Helen laughed and leaned across the table to kiss him on the cheek. “I miss you so much, Uncle. All of you.”

Dick waited until the waitress set down their order. When they were alone again, he apologized for the lecture and changed the subject. “Now, the wedding will be on August twelfth in Sandusky. Judy’s sister will be maid of honor. Corey’s the best man. We want you in the wedding party.”

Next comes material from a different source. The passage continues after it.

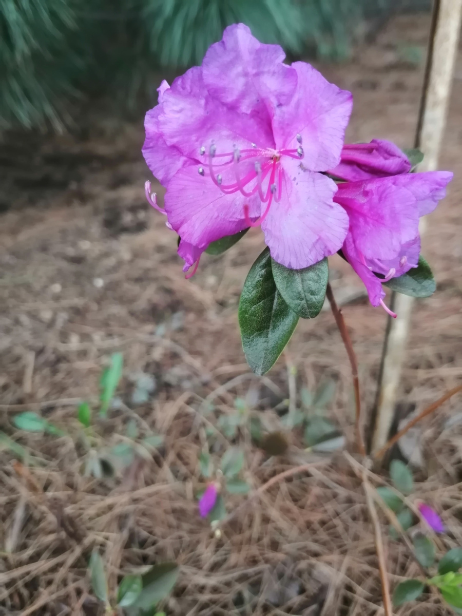 Надо учитывать, что он полулистопадный. То есть листья до конца не сбрасывает, но во что превращаются эти листья после зимы - это тема отдельного обсуждения. Несведущий человек, глядя на свернувшиеся в трубочки коричневые ошметки обычно впадает в ступор и решает, что рододендрону пришел конец. Но нет - это его способ сохранить часть листьев при низких температурах. Так что когда он цветет, старые листья обычно еще не полностью вернулись в нормальное состояние, а новые еще не распустились. Получаем цветение на почти голых ветках. У взрослого куста это выглядит ошеломляюще, у личинки смешно. У меня рододендрон Ледебура сидит под сосной кедровой, получает утреннее солнце и, по всему судя, жизнью более-менее доволен. К счастью, у рододендронов компактная и поверхностная корневая система, так что кедр его не давит, как большинство других растений рядом (калину он, например, почти добил) Из важных особенностей ухода - для того, чтобы растение заложило цветочные почки на будущий год, оно нуждается в хорошем поливе. А вот тут засада - кедр очень быстро сушит почву, так что поливу рододендронов в конце весны - начале лета я уделяю отдельное внимание.

Helen shook her head. “Tell Judy that I can’t come either,” she said, then explained how she and Stephen planned to stage their deaths.

“You’re sure that’s what you want?” Dick asked when she’d finished. Helen nodded and he went on, “Well, I suppose we can keep in touch somehow. Maybe we can send letters through Paul.”

Helen smiled. “More than that. I’ll want you to visit us. We both will.”

“Then I’ll arrange to see you. I promise.”

“I thought you’d be the hardest one to tell. I dreaded it and you’re making it so easy for me,” she said and he sensed her thankfulness in her tone and the quick merging of their minds.

“I never had a choice, not from the day you and Stephen met.”

“No, Uncle, you never did.” She reached across the table and took his hand, and he was thankful to notice that the sexual charge of her touch had vanished. “The nude is being donated to the Cleveland Art Museum. The Andalusian series has been purchased by the Austra family. The self-portrait will stay with me. Most of the money this sale has raised along with every painting that hasn’t been sold is going to belong to you.“

“Helen, I can’t let you . . .”

“That’s my estate. I can’t take it with me. Besides, I want to help put Carol and Alan through college. This way I can do it without the risk of anyone knowing what happened to me.”

“I suppose we can’t tell the kids the truth, can we?”

“Maybe someday. Not yet.” She hesitated, then added, “And you’ll have to destroy every photograph of me except those taken when I was a child, and all their negatives.”

“Damn!” Dick said. “Carol’s been keeping a scrap-book.”

“What photos does she have?”

‘ ’Just the ones we took after you had your hair cut in that stupid shingle. What were you, about fifteen?“

Helen laughed, the first sincerely happy moment of the day, as if apprehension had exhausted her. “Let her keep it. Nobody would recognize me from that.”

They talked about the past while they finished their lunch, Helen speaking of last summer’s events in a hazy detached tone, as if they had taken place years ago. As they got ready to leave the restaurant, Dick asked her again, “Are you sure you want to do this?”